*Description of the task:* In the entries that follow, the line with "HORIZONTALES Tanques Pedrollo" opens the range and the line with "Николай Валуев (в" closes it; repeat that range exactly, both lines included.

*Exercise materials:*
- - - -

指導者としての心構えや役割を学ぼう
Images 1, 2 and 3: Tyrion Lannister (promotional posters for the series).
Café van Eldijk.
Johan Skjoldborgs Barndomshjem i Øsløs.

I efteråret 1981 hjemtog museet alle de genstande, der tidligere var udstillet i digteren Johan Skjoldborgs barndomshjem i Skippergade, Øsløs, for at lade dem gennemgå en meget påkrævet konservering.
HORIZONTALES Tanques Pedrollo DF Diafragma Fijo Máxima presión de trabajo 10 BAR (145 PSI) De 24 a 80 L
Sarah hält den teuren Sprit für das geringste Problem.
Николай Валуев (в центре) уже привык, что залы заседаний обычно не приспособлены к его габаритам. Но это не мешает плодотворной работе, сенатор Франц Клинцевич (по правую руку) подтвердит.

- - - -

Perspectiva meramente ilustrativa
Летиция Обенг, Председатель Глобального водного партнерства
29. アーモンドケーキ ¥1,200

- - - -

*Exercise response:*
HORIZONTALES Tanques Pedrollo DF Diafragma Fijo Máxima presión de trabajo 10 BAR (145 PSI) De 24 a 80 L
Sarah hält den teuren Sprit für das geringste Problem.
Николай Валуев (в центре) уже привык, что залы заседаний обычно не приспособлены к его габаритам. Но это не мешает плодотворной работе, сенатор Франц Клинцевич (по правую руку) подтвердит.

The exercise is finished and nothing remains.